In [1]:
import os

We can check the present working directory using the `os.getcwd` function.

In [2]:
os.getcwd()

'/home/jovyan'

To get the list of files in a directory, use `os.listdir`. You pass an absolute or relative path of a directory as the argument to the function.

In [5]:
help(os.listdir)

Help on built-in function listdir in module posix:

listdir(path=None)
    Return a list containing the names of the files in the directory.
    
    path can be specified as either str, bytes, or a path-like object.  If path is bytes,
      the filenames returned will also be bytes; in all other circumstances
      the filenames returned will be str.
    If path is None, uses the path='.'.
    On some platforms, path may also be specified as an open file descriptor;\
      the file descriptor must refer to a directory.
      If this functionality is unavailable, using it raises NotImplementedError.
    
    The list is in arbitrary order.  It does not include the special
    entries '.' and '..' even if they are present in the directory.



In [6]:
os.listdir('.') # relative path

['.bash_logout',
 '.profile',
 '.bashrc',
 '.ipynb_checkpoints',
 '.ipython',
 'python-os-and-filesystem.ipynb',
 '.local',
 '.cache',
 '.jupyter',
 '.jovian',
 '.config',
 '.conda',
 '.wget-hsts',
 '.jovianrc',
 '.git',
 'work',
 '.npm']

In [7]:
os.listdir('/usr') # absolute path

['lib',
 'src',
 'bin',
 'lib32',
 'share',
 'include',
 'libx32',
 'games',
 'sbin',
 'local',
 'lib64']

You can create a new directory using `os.makedirs`. Let's create a new directory called `data`, where we'll later download some files.

In [8]:
os.makedirs('./data', exist_ok=True)

Can you figure out what the argument `exist_ok` does? Try using the `help` function or [read the documentation](https://docs.python.org/3/library/os.html#os.makedirs).

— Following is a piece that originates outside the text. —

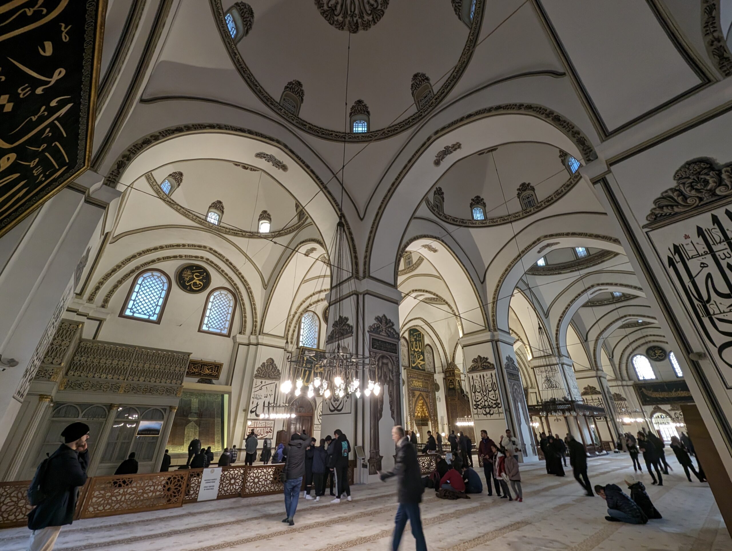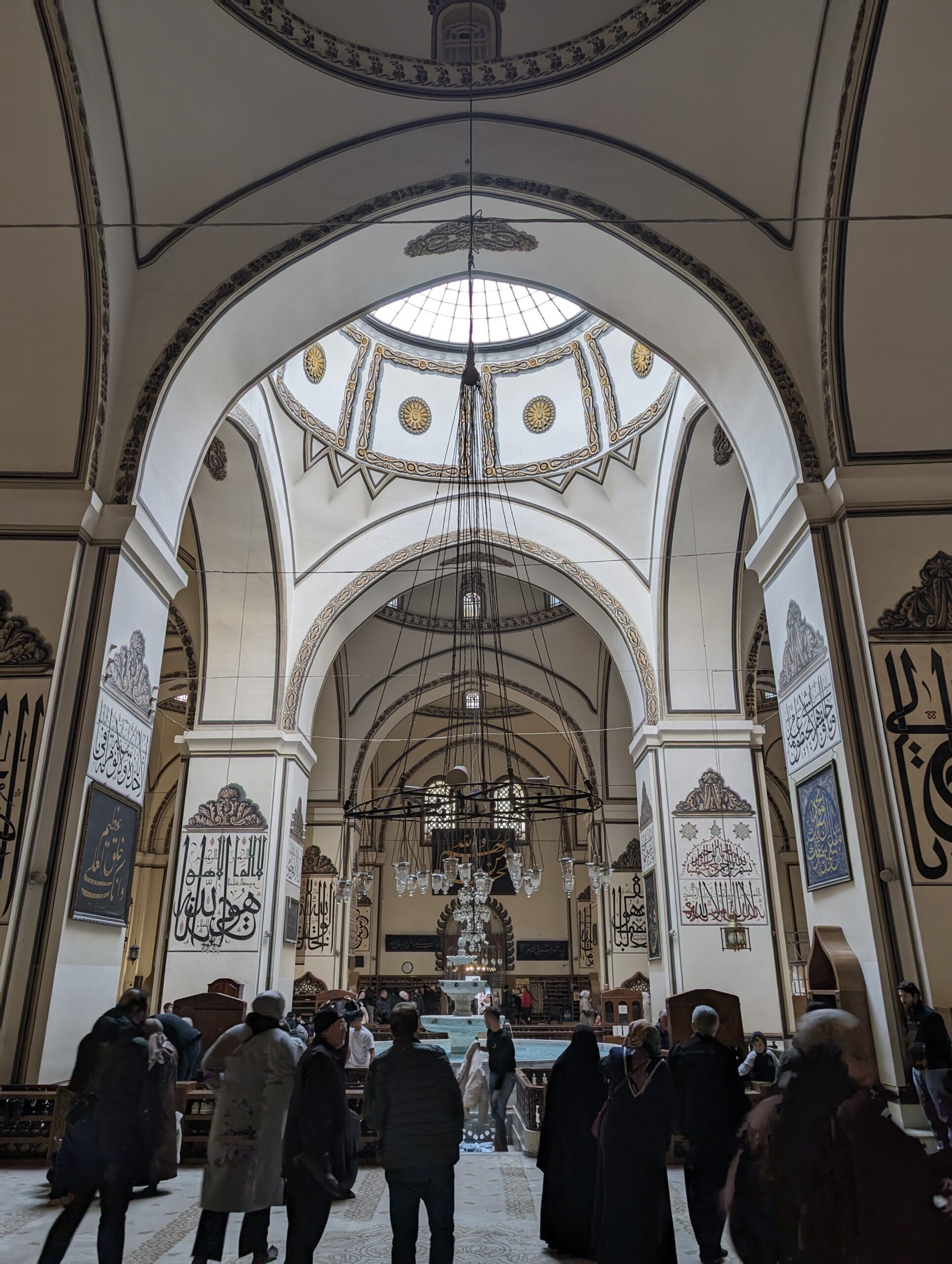 ↑ウル・ジャーミィ内は予想していたよりも広くてカリグラフィーがたくさん。信仰の場ですがみなさんスマホでばちばち写真撮っていたのでトモ先生も。

Let's verify that the directory was created and is currently empty.

In [9]:
'data' in os.listdir('.')

True

In [10]:
os.listdir('./data')

[]

Let us download some files into the `data` directory using the `urllib` module.

In [12]:
from urllib.request import urlretrieve

In [13]:
urlretrieve(url1, './data/loans1.txt')

('./data/loans1.txt', <http.client.HTTPMessage at 0x7f285c602910>)

In [14]:
urlretrieve(url2, './data/loans2.txt')

('./data/loans2.txt', <http.client.HTTPMessage at 0x7f285c608df0>)

In [15]:
urlretrieve(url3, './data/loans3.txt')

('./data/loans3.txt', <http.client.HTTPMessage at 0x7f285c617520>)

Let's verify that the files were downloaded.

In [16]:
os.listdir('./data')

['loans2.txt', 'loans1.txt', 'loans3.txt']

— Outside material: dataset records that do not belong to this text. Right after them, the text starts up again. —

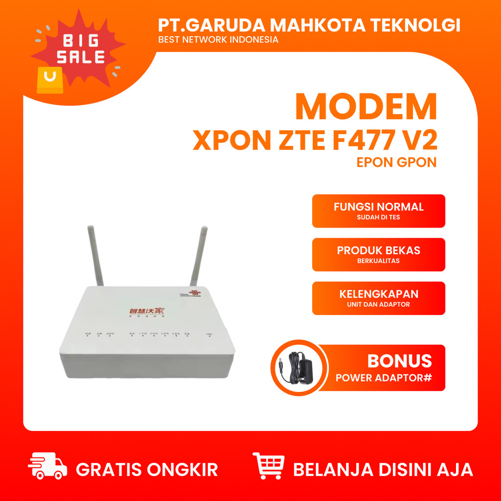 MODEM ONT ZTE F477 V2 EPON WIFI KONDISI BERSIH-EPON ZTE ONU F477-GRATIS ADAPTOR-TERMURAH
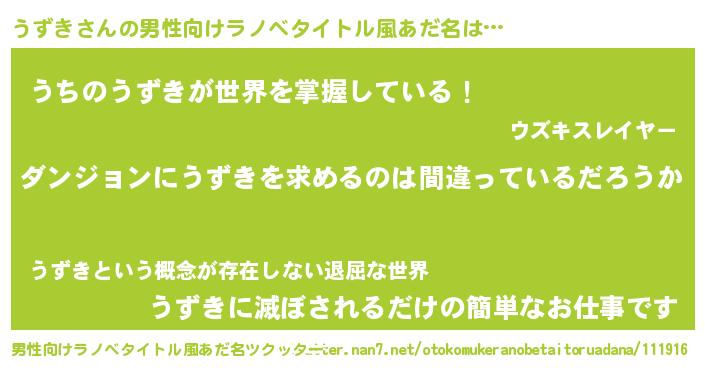 | ヒーロー風カッコイイあだ名 | 『魔戒騎士ウズ』『ネオウズキ』 |
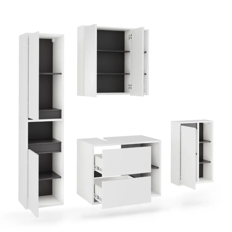 - Das Badezimmerschrank-Set besticht durch elegante, moderne Optik und bietet viel Stauraum für Ihre Badutensilien.

You can also use the [`requests`](https://docs.python-requests.org/en/master/) library to dowload URLs, although you'll need to [write some additional code](https://stackoverflow.com/questions/44699682/how-to-save-a-file-downloaded-from-requests-to-another-directory) to save the contents of the page to a file.

In [17]:

file1 = open('./data/loans1.txt', mode='r')

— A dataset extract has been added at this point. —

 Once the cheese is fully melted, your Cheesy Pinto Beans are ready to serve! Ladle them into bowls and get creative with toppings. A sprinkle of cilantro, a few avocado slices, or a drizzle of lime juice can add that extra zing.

The `open` function also accepts a `mode` argument to specifies how we can interact with the file. The following options are supported:

To view the contents of the file, we can use the `read` method of the file object.

In [18]:
file1_contents = file1.read()

In [19]:
print(file1_contents)

amount,duration,rate,down_payment
100000,36,0.08,20000
200000,12,0.1,
628400,120,0.12,100000
4637400,240,0.06,
42900,90,0.07,8900
916000,16,0.13,
45230,48,0.08,4300
991360,99,0.08,
423000,27,0.09,47200


In [20]:
file1.close()

Once a file is closed, you can no longer read from it.

In [21]:
file1.read()

ValueError: I/O operation on closed file.

## Closing files automatically using `with`

To close a file automatically after you've processed it, you can open it using the `with` statement.

In [22]:
with open('./data/loans2.txt') as file2:
    file2_contents = file2.read()
    print(file2_contents)

amount,duration,rate,down_payment
828400,120,0.11,100000
4633400,240,0.06,
42900,90,0.08,8900
983000,16,0.14,
15230,48,0.07,4300


Once the statements within the `with` block are executed, the `.close` method on `file2` is automatically invoked. Let's verify this by trying to read from the file object again.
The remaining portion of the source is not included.